TASK OBJECTIVE | Please go line by line and repeat the data below exactly, with no images.
----
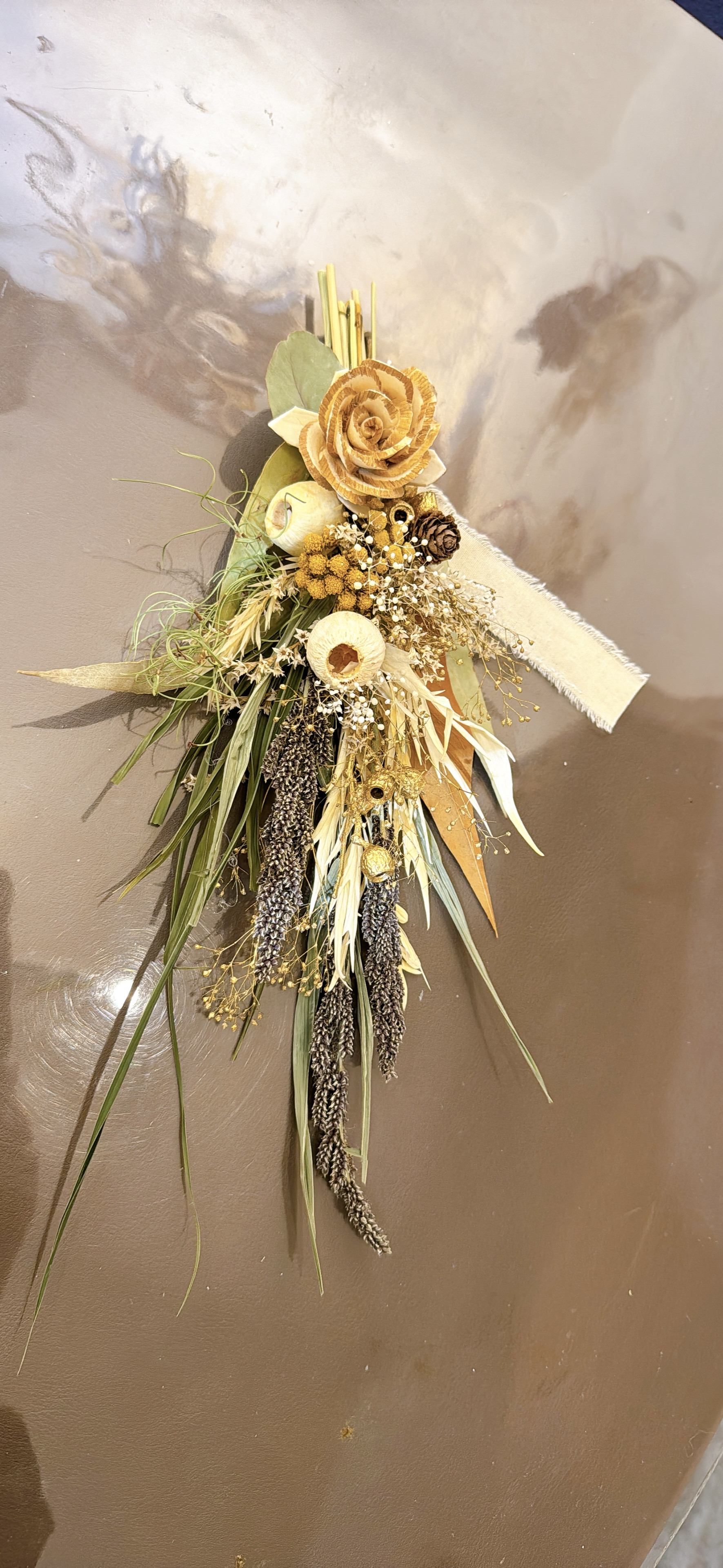ソラフラワーのロータスローズに、サラシのガンベルズ、ゴールドのアーバンナッツ、黒ひえ、ゴールドやアイボリーの霞草、橙のローナス、アイボリーのグレビリアロブスタのプリザーブド等が華やかではあるけれどナチュラルに彩ります
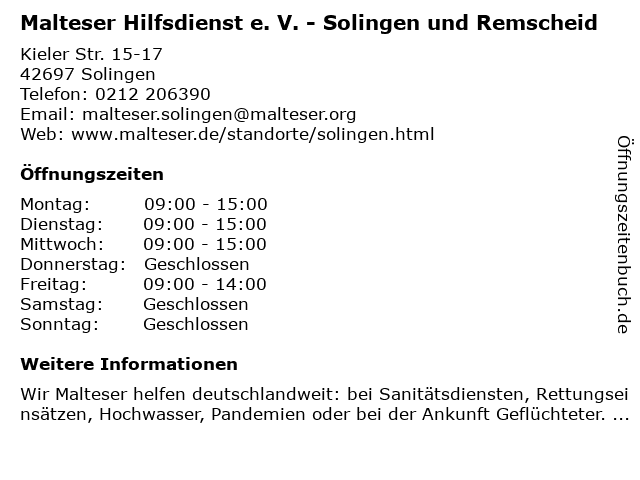 Branchen & Suchbegriffe zu Malteser Hilfsdienst e. V. - Solingen und Remscheid:e., hilfsdienst, malteser, v. |
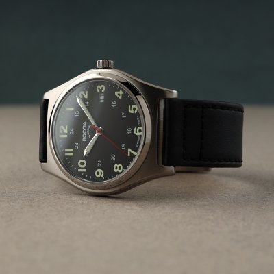 Dit Boccia horloge heeft een kast gemaakt van Titanium met een diameter van 39 mm en is voorzien van een leer band. In de kast bevindt zich een Miyota kwaliteitsuurwerk en is afgewerkt met Saffierglas.
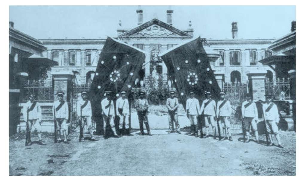 武昌起义革命军,背后是革命军旗帜“十八星旗”
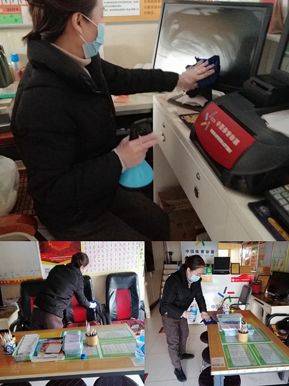 6425080015体彩实体店是固原市第一批恢复销售的实体店。今天一大早,实体店代销者胡祥娜就来到店里,把店里的角角落落都打扫了一遍,并进行了细致的杀菌消毒。她说,我们等这一天等了好久,感谢所有为防疫工作做出贡献的人。
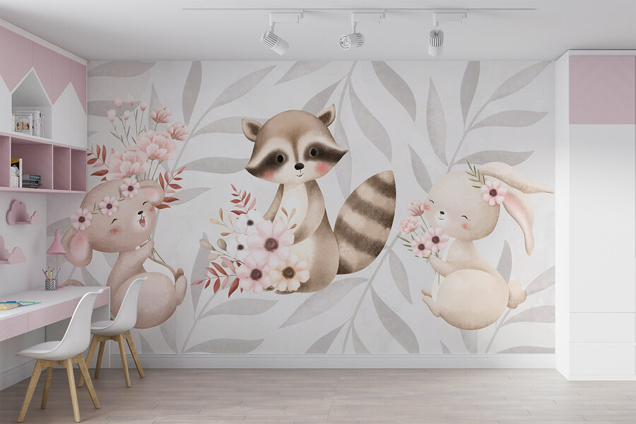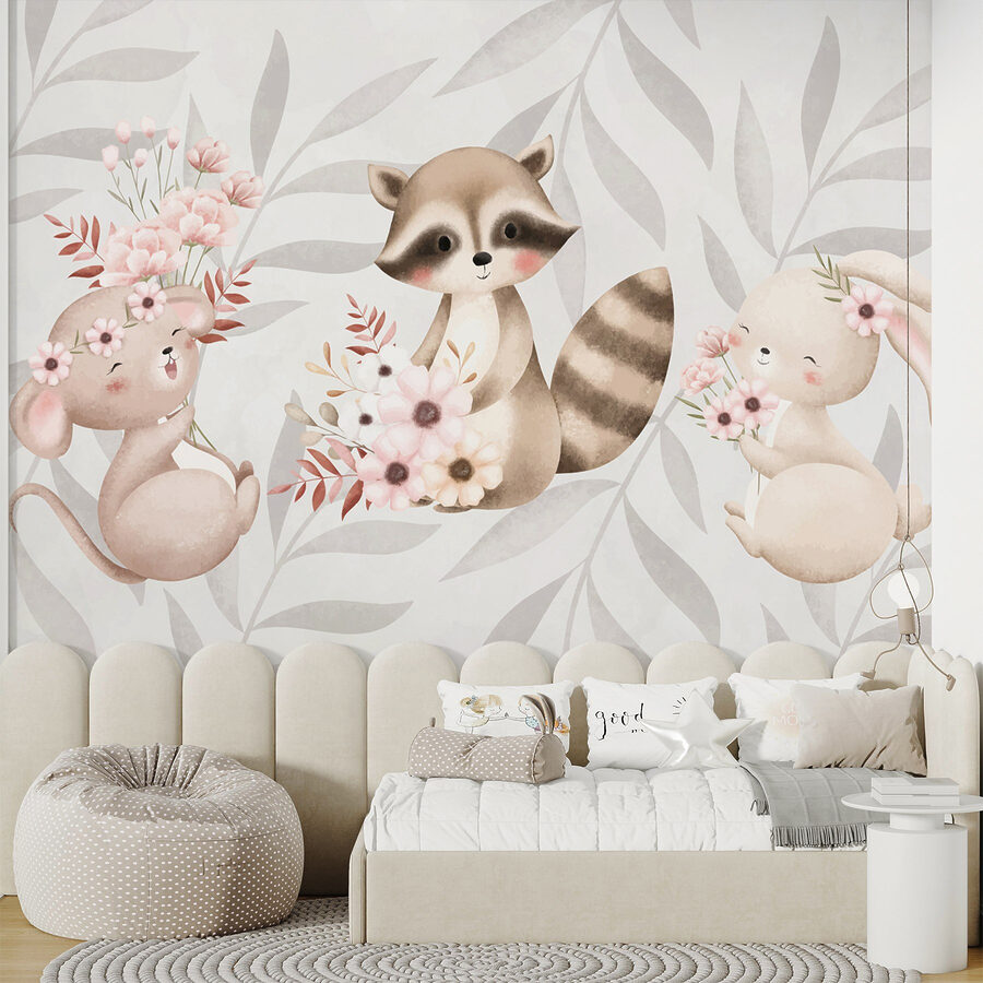 Transforma una pared aburrida en un paraíso de fantasía con este encantador mural en el que aparecen un mapache y un conejo, cada uno con un ramo de flores en la mano. Es como llevar un trocito de naturaleza a su hogar, donde estos encantadores bichos parecen cobrar vida ante sus ojos. Imagina entrar en una habitación y sentir al instante las sonrisas de tus invitados. Los tonos neutros y los gráficos suaves crean un ambiente acogedor, perfecto para guarderías, salas de juegos o incluso ese rincón de lectura tranquilo que siempre quieres renovar. Cada mirada a estos adorables animales puede provocar un poco de alegría, recordándote que a veces la vida son las pequeñas cosas, como las flores y los amigos peludos. Es una forma de entablar conversación, un toque de alegría y, sinceramente, ¿quién puede resistirse a esas caras tan bonitas?
----
RESPONSE TO THE EXERCISE |
ソラフラワーのロータスローズに、サラシのガンベルズ、ゴールドのアーバンナッツ、黒ひえ、ゴールドやアイボリーの霞草、橙のローナス、アイボリーのグレビリアロブスタのプリザーブド等が華やかではあるけれどナチュラルに彩ります
 Branchen & Suchbegriffe zu Malteser Hilfsdienst e. V. - Solingen und Remscheid:e., hilfsdienst, malteser, v. |
 Dit Boccia horloge heeft een kast gemaakt van Titanium met een diameter van 39 mm en is voorzien van een leer band. In de kast bevindt zich een Miyota kwaliteitsuurwerk en is afgewerkt met Saffierglas.
 武昌起义革命军,背后是革命军旗帜“十八星旗”
 6425080015体彩实体店是固原市第一批恢复销售的实体店。今天一大早,实体店代销者胡祥娜就来到店里,把店里的角角落落都打扫了一遍,并进行了细致的杀菌消毒。她说,我们等这一天等了好久,感谢所有为防疫工作做出贡献的人。
 Transforma una pared aburrida en un paraíso de fantasía con este encantador mural en el que aparecen un mapache y un conejo, cada uno con un ramo de flores en la mano. Es como llevar un trocito de naturaleza a su hogar, donde estos encantadores bichos parecen cobrar vida ante sus ojos. Imagina entrar en una habitación y sentir al instante las sonrisas de tus invitados. Los tonos neutros y los gráficos suaves crean un ambiente acogedor, perfecto para guarderías, salas de juegos o incluso ese rincón de lectura tranquilo que siempre quieres renovar. Cada mirada a estos adorables animales puede provocar un poco de alegría, recordándote que a veces la vida son las pequeñas cosas, como las flores y los amigos peludos. Es una forma de entablar conversación, un toque de alegría y, sinceramente, ¿quién puede resistirse a esas caras tan bonitas?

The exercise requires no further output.